Pourquoi laissons-nous la gangrène nous ronger, malgré notre décision collective que le Liban est notre patrie définitive et qu’il n’y en a pas d’autre ? Pourquoi alors persistons-nous à nous flageller, à resserrer le nœud tout en y frottant la scie, pleinement conscients que ce chemin nous épuisera et retardera chaque solution dont nous avons tant besoin ?

Nos expériences passées auraient dû nous apprendre à éviter ce qui nous nuit, à nous protéger et à sortir des crises que nous avons provoquées nous-mêmes ou dans lesquelles d’autres nous ont entraînés. Alors, pourquoi ne prenons-nous pas l’initiative de nous entendre sur des solutions ?

Voici quelques raisons :

Premièrement, la division politique, racine de tous les maux. Elle se manifeste par le sectarisme et le clientélisme politique. L’absence de consensus retarde les budgets au-delà de leurs délais constitutionnels, bloque des lois de réforme essentielles, paralyse les institutions et empêche toute prise de décision unifiée aux niveaux gouvernemental et parlementaire. Elle mine aussi l’État de droit, menant souvent à une application sélective ou intéressée de la loi.

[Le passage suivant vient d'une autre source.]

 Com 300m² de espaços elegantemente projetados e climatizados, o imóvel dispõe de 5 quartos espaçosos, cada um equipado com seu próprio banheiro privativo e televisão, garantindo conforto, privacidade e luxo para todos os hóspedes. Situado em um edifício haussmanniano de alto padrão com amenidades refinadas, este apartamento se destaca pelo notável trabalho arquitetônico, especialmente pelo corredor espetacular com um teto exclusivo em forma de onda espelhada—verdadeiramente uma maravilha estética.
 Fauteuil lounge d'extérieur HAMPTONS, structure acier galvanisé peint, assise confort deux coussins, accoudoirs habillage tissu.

Deuxièmement, les intérêts privés et ceux de l’élite politique. La classe dirigeante résiste aux réformes qui menacent ses privilèges ou affaiblissent sa mainmise sur les ressources financières. Cette résistance vise à éviter la transparence et la reddition de comptes, préférant conserver des pratiques opaques plutôt que d’adopter des mesures correctives.

Troisièmement, l’absence d’une véritable volonté politique. Malgré la conscience théorique de la gravité de la crise et de l’urgence des solutions, les institutions de l’État manquent de coordination. Un leadership efficace, capable de mener les réformes au rythme nécessaire, fait défaut.

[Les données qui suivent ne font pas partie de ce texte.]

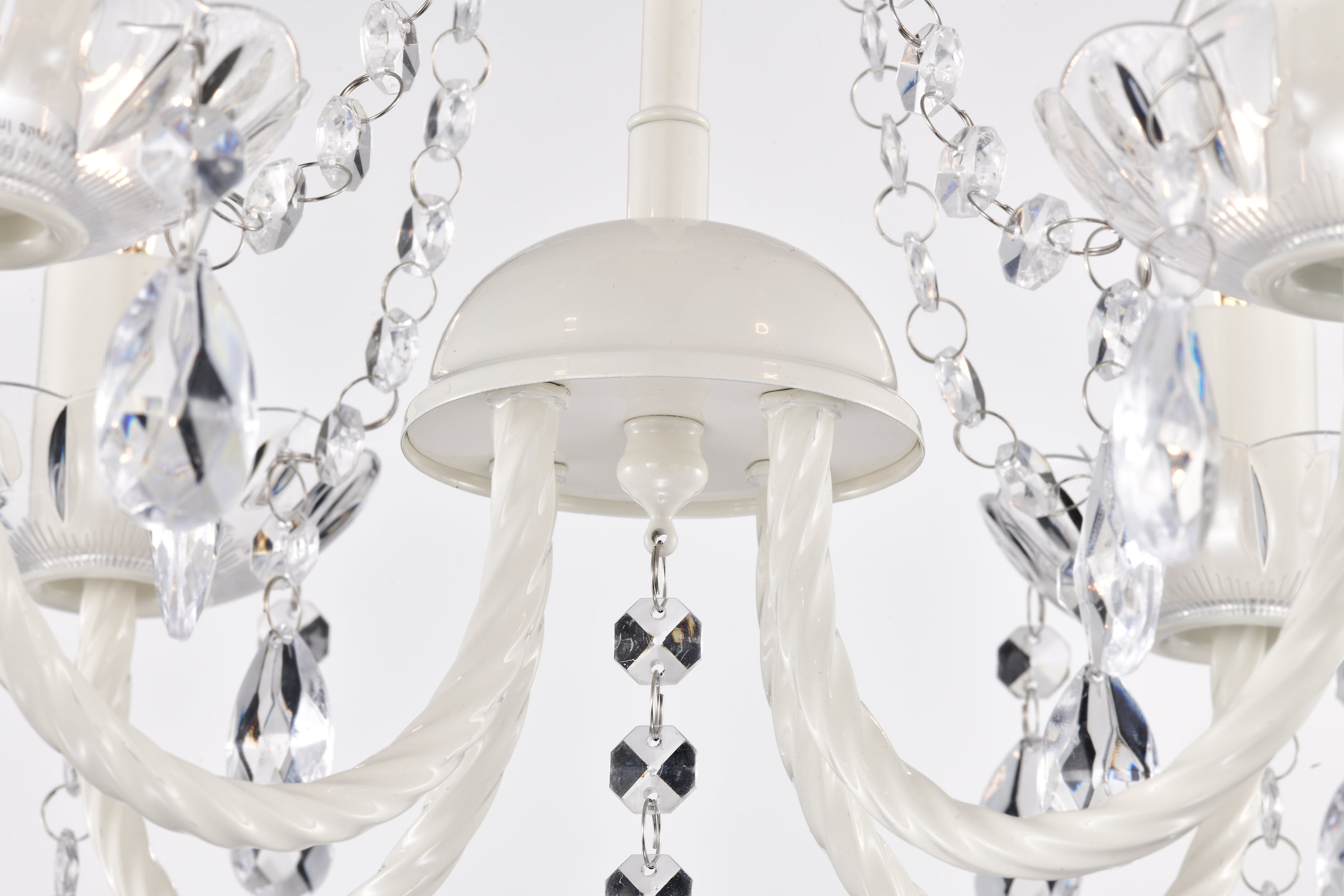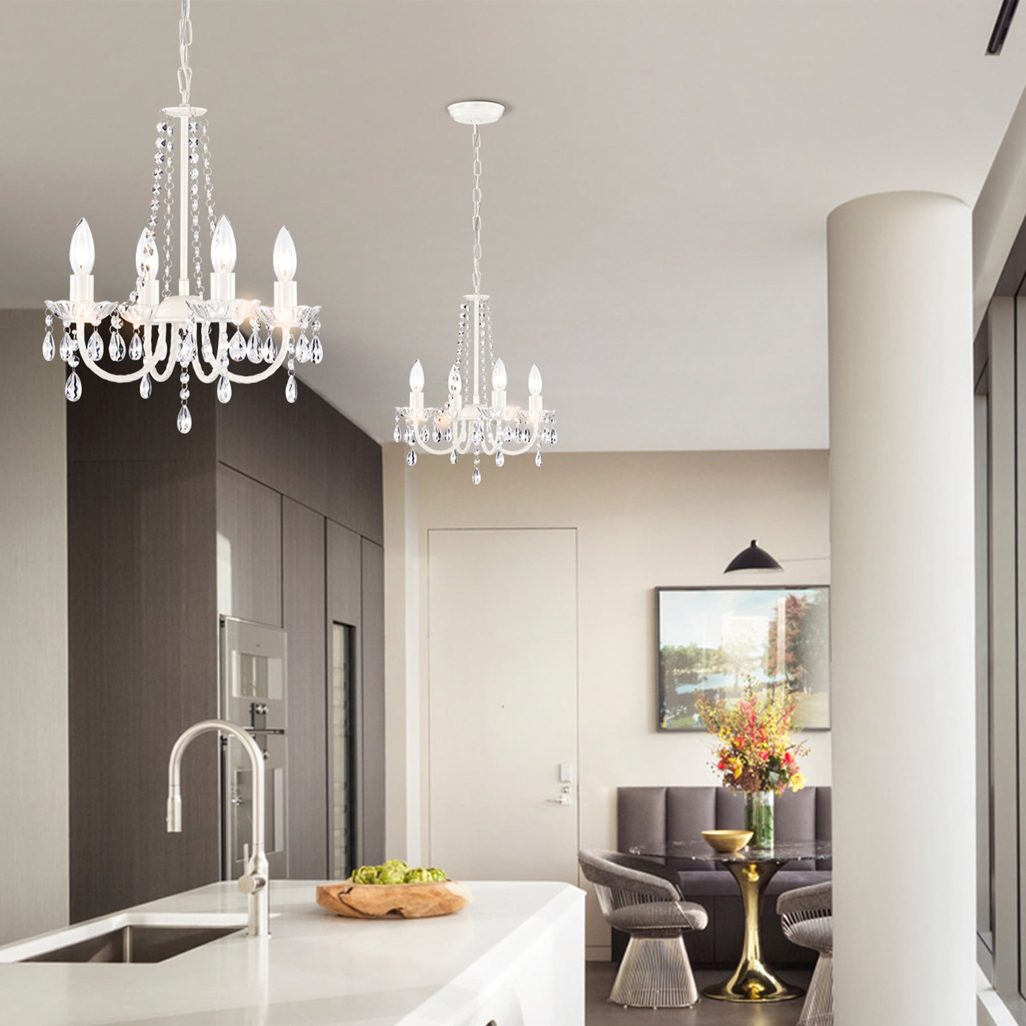 Mini Crystal chandeliers features a 4-light design and is decorated and draped with clear acrylic crystals that capture and reflect the light of the bulbs. white crystal chandelier combines a sophisticated white structure with sparkling crystals in several different shapes. White bedroom light fixture is perfect for your main living room or bedroom.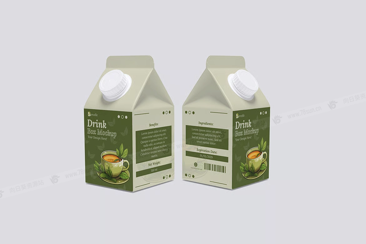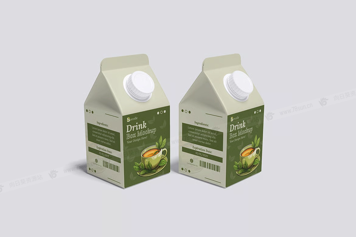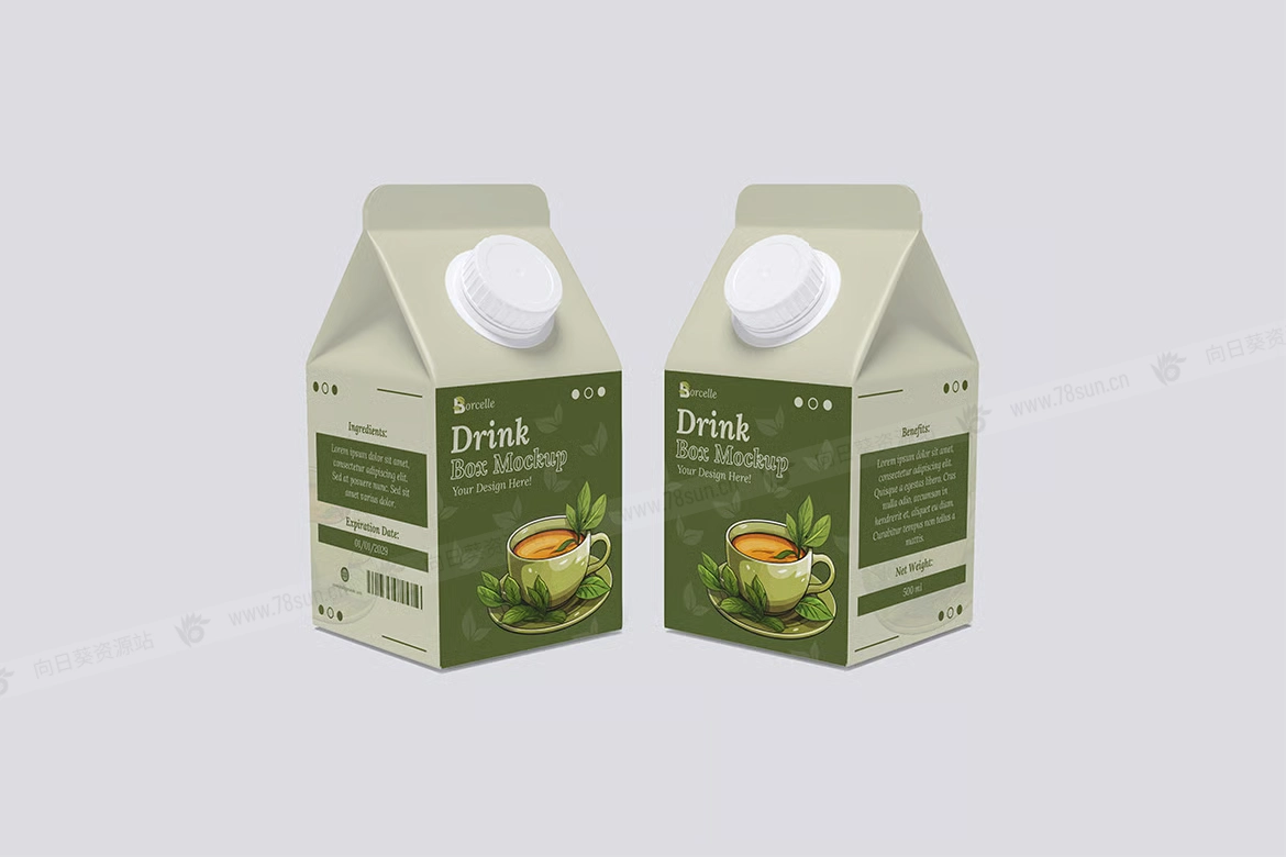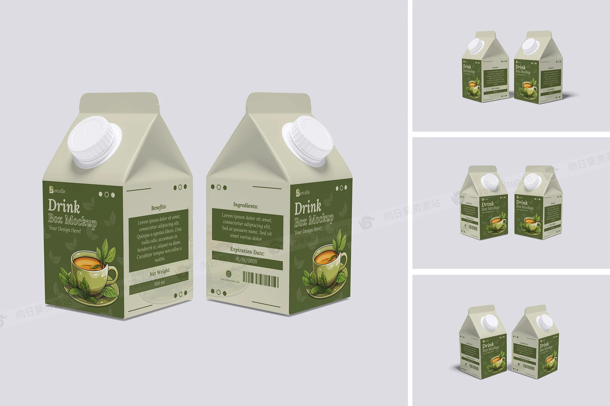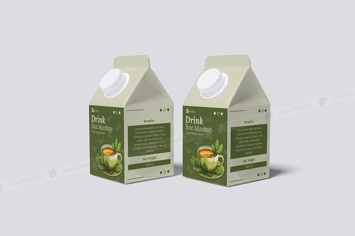 利乐牛奶饮料包装纸盒品牌VI效果图展示智能贴图psd设计样机,该模型包括 04 个带有分层良好 PSD 文件,并且该模型还使用智能对象功能,这意味着您可以在几秒钟内轻松快速地使用自己的设计更改当前设计。

Quatrièmement, la faiblesse du soutien international et le recul du financement. Les finances précaires du Liban continuent de dépendre de l’emprunt pour couvrir les déficits budgétaires, même si l’amélioration du recouvrement fiscal a quelque peu réduit l’écart. Le problème le plus profond réside dans la taxation de services inexistants ou fournis au minimum.

Cinquièmement, la fragilité de l’appareil législatif et du cadre juridique. L’adoption des lois de réforme essentielles avance à un rythme désespérément lent. Certaines propositions contredisent même les objectifs de réforme, tandis que d’autres restent suspendues, faute de décrets d’application qui n’aboutissent jamais.

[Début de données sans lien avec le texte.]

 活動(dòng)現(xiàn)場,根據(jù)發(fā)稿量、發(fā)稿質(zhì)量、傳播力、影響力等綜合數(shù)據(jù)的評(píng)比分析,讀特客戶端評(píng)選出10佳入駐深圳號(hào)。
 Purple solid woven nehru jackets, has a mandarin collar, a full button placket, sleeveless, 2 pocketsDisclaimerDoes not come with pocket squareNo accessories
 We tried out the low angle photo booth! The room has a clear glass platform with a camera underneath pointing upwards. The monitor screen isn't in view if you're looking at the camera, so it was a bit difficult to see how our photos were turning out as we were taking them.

Tout cela se déroule sous la pression d’une société épuisée par l’effondrement du niveau de vie, ce qui rend presque impossible l’imposition de mesures d’austérité ou de changements structurels qui aggraveraient encore le fardeau quotidien des citoyens.

Mais le facteur le plus décisif, échappant au contrôle de l’État, demeure le poids des dossiers politiques et sécuritaires extérieurs. Les dirigeants du Liban sont absorbés par les négociations régionales, et les gouvernements successifs ont manqué plus d’une occasion de sortir le pays de l’étau.